### PROBLEM
Will you write out, word for word, every line from the one with "Sen. Ed Markey, D-Mass., questions" to the final line of the data below, with the pictures left out?
### STORED DATA ###
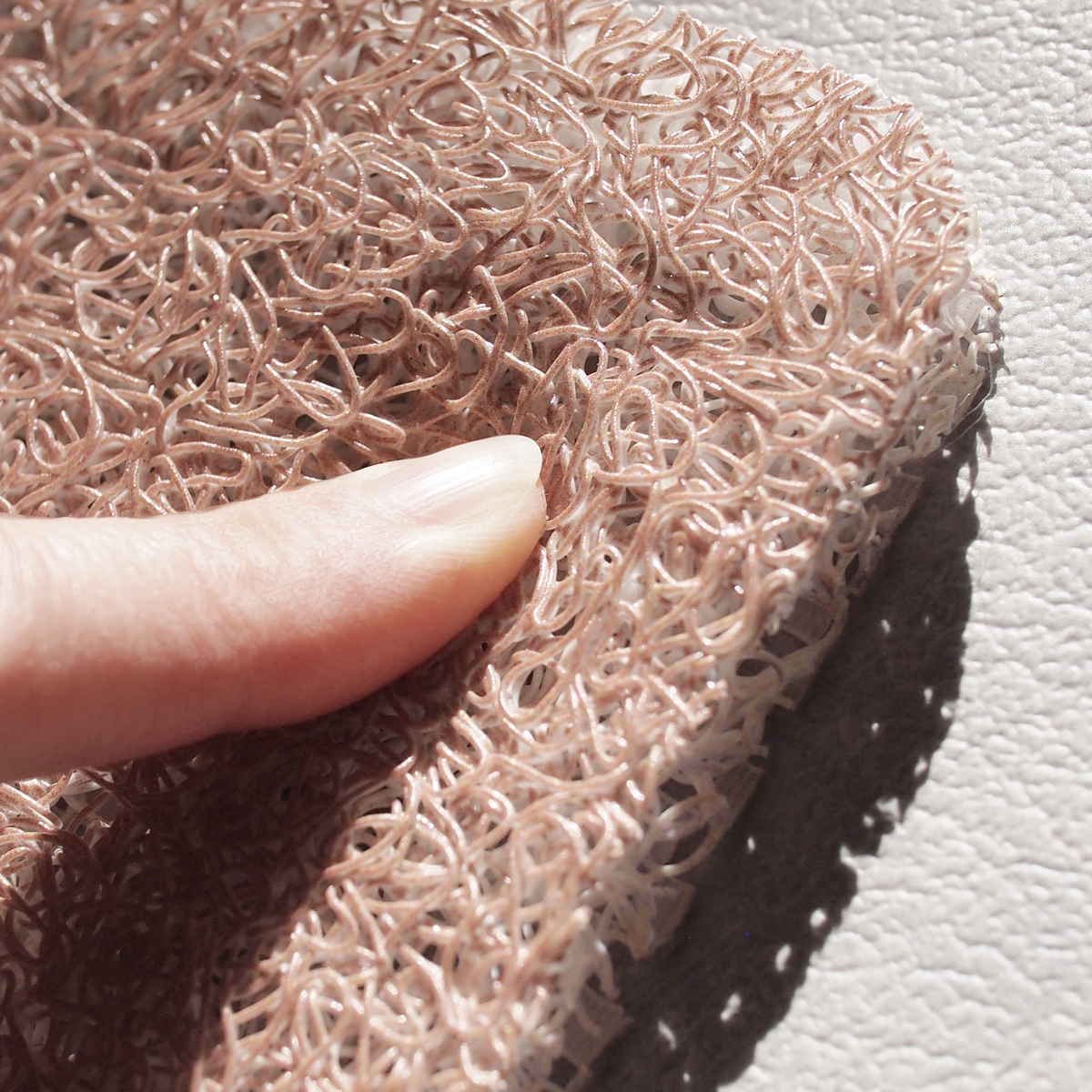 メッシュ生地を採用しているため、隙間から細かい土や砂が落ち、水はけも抜群なので雨の日でも安心してお使いいただけます。日差しに強い耐久性のある素材なので、玄関だけでなくテラスやベランダなどの屋外スペースにも最適なマットです。
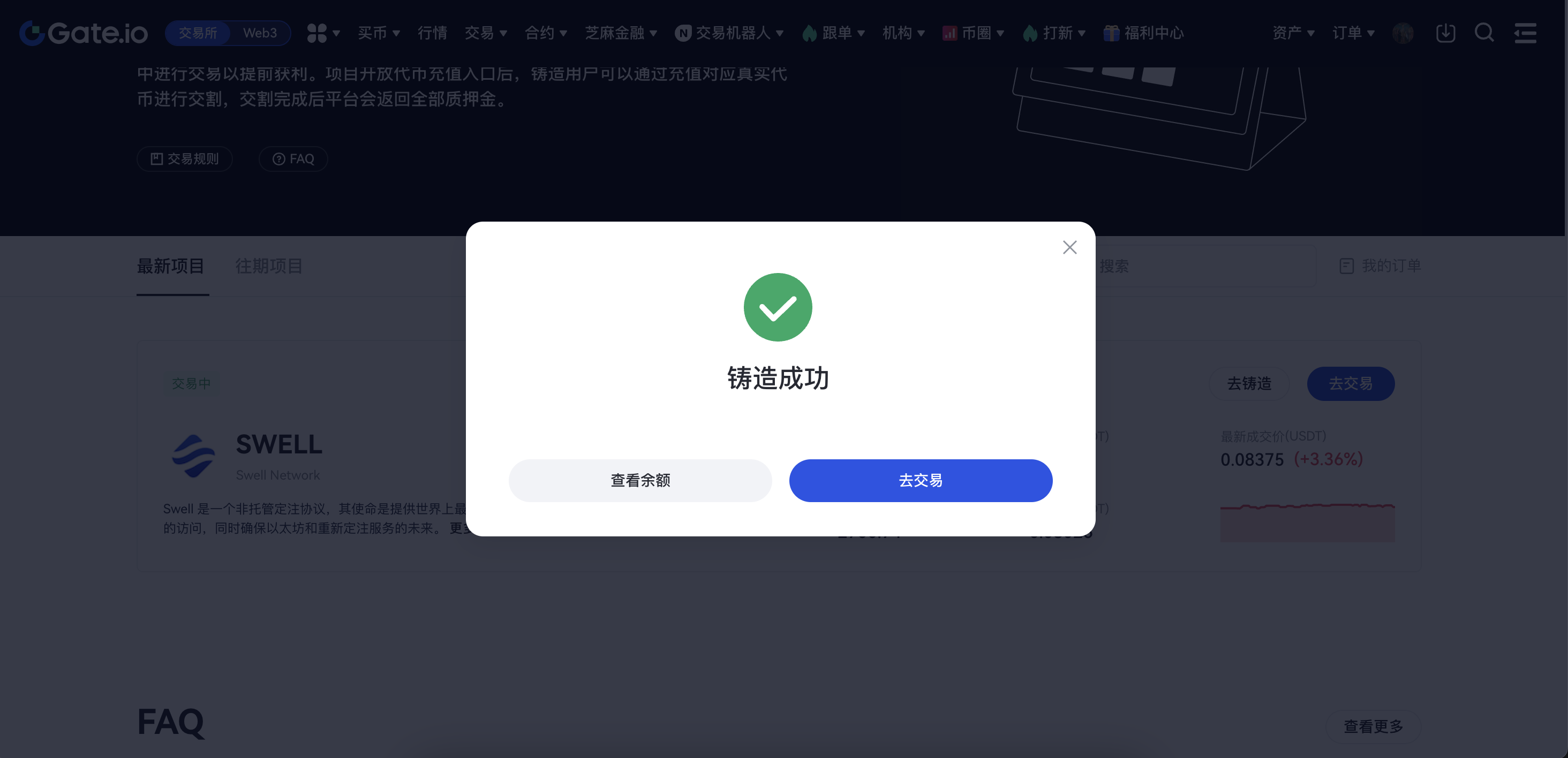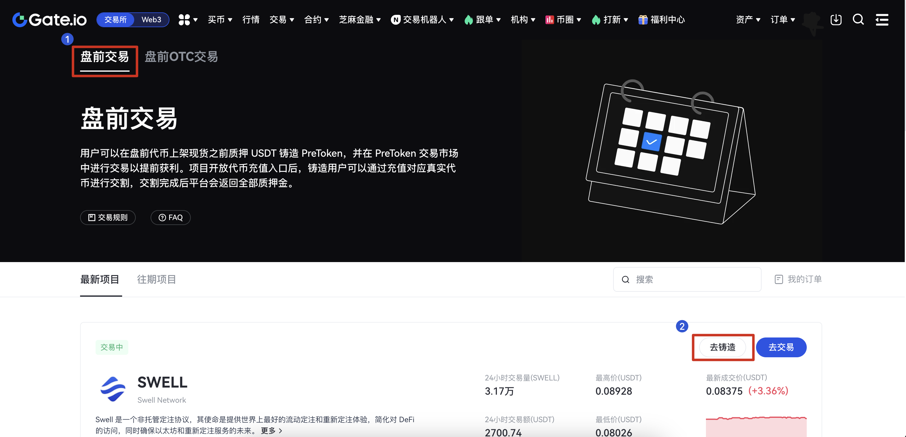 在盤前交易頁面選擇您要鑄造的盤前交易代幣,並點擊“去鑄造”按鈕。
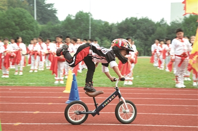 近日,建德市洋安幼儿园校园平衡车队在该市中小学生田径运动会开幕式上首次亮相,滑行、冲刺、漂移一气呵成……这些平均年龄5岁的小队员的表演获得了观众的热烈掌声。图为小队员在表演技巧动作“马踏飞燕”。
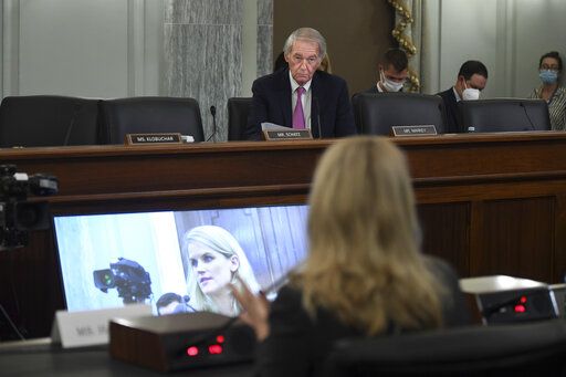 Sen. Ed Markey, D-Mass., questions former Facebook data scientist Frances Haugen speaks during a hearing of the Senate Commerce, Science, and Transportation Subcommittee on Consumer Protection, Product Safety, and Data Security, on Capitol Hill, Tuesday, Oct. 5, 2021, in Washington. (Matt McClain/The Washington Post via AP, Pool)
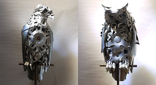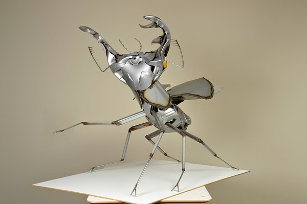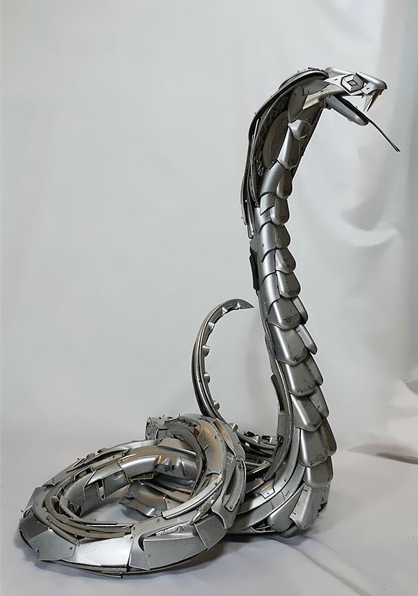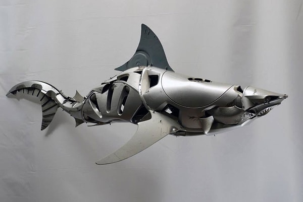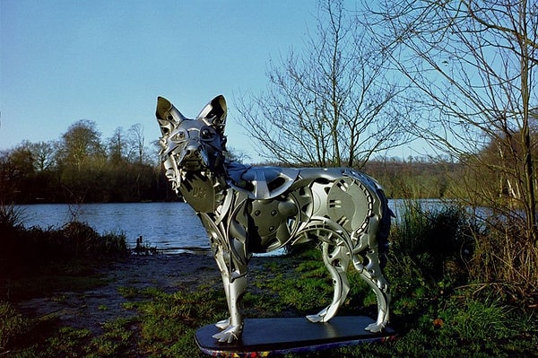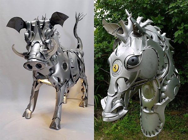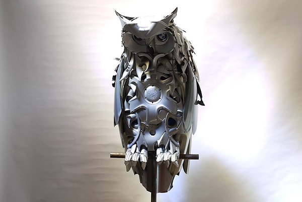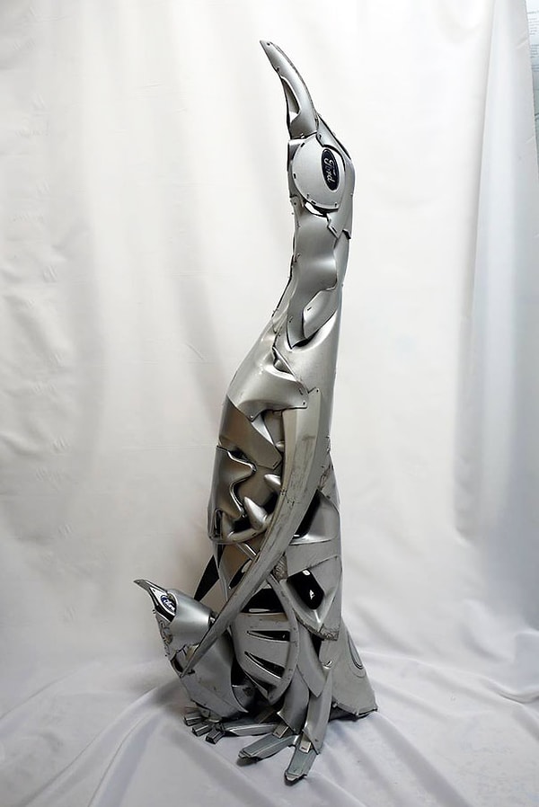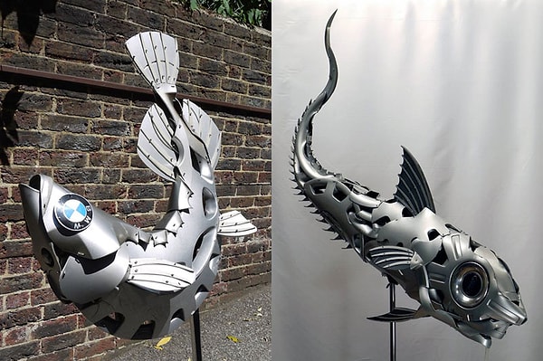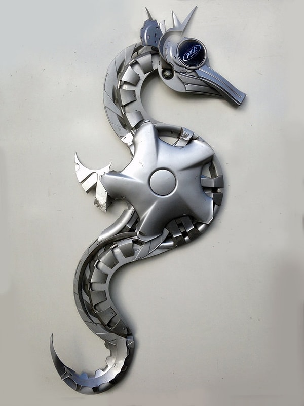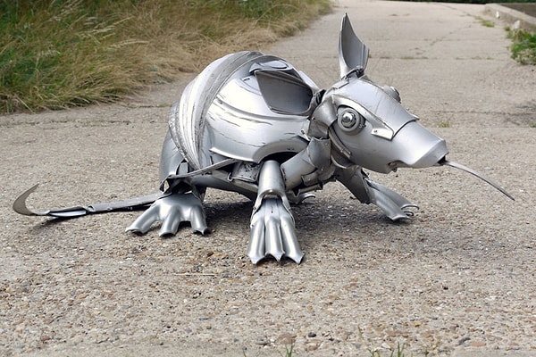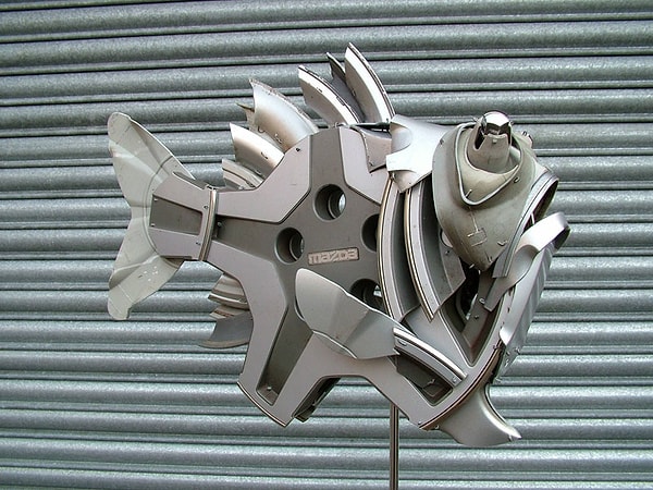 Птолемей Элрингтон – английский художник, верящий в то, что утилизация – это будущее нашей планеты. Его произведения четко отражают эту веру. То, что по мнению многих людей стало бесполезным и выбрасывается в мусорку или на обочину дороги, особенно автомобильные запчасти и колесные колпаки, становятся незаменимыми материалами для творчества Птолемея. Большую часть времени художник тратит на поиск таких деталей, искать которые приходится на обочинах автотрасс и свалках. Работы художника, сделанные из колпаков, покрышек, металлолома и тд., до сегодняшнего дня выставлялись в таких городах, как Лондон, Брайтон, Эдинбург, Барселона, Афины. Кроме того, покупатели этих скульптур есть и готовы заплатить от 200 до 10.000 фунтов за работу.
###
### TASK ANSWER
 Sen. Ed Markey, D-Mass., questions former Facebook data scientist Frances Haugen speaks during a hearing of the Senate Commerce, Science, and Transportation Subcommittee on Consumer Protection, Product Safety, and Data Security, on Capitol Hill, Tuesday, Oct. 5, 2021, in Washington. (Matt McClain/The Washington Post via AP, Pool)
 Птолемей Элрингтон – английский художник, верящий в то, что утилизация – это будущее нашей планеты. Его произведения четко отражают эту веру. То, что по мнению многих людей стало бесполезным и выбрасывается в мусорку или на обочину дороги, особенно автомобильные запчасти и колесные колпаки, становятся незаменимыми материалами для творчества Птолемея. Большую часть времени художник тратит на поиск таких деталей, искать которые приходится на обочинах автотрасс и свалках. Работы художника, сделанные из колпаков, покрышек, металлолома и тд., до сегодняшнего дня выставлялись в таких городах, как Лондон, Брайтон, Эдинбург, Барселона, Афины. Кроме того, покупатели этих скульптур есть и готовы заплатить от 200 до 10.000 фунтов за работу.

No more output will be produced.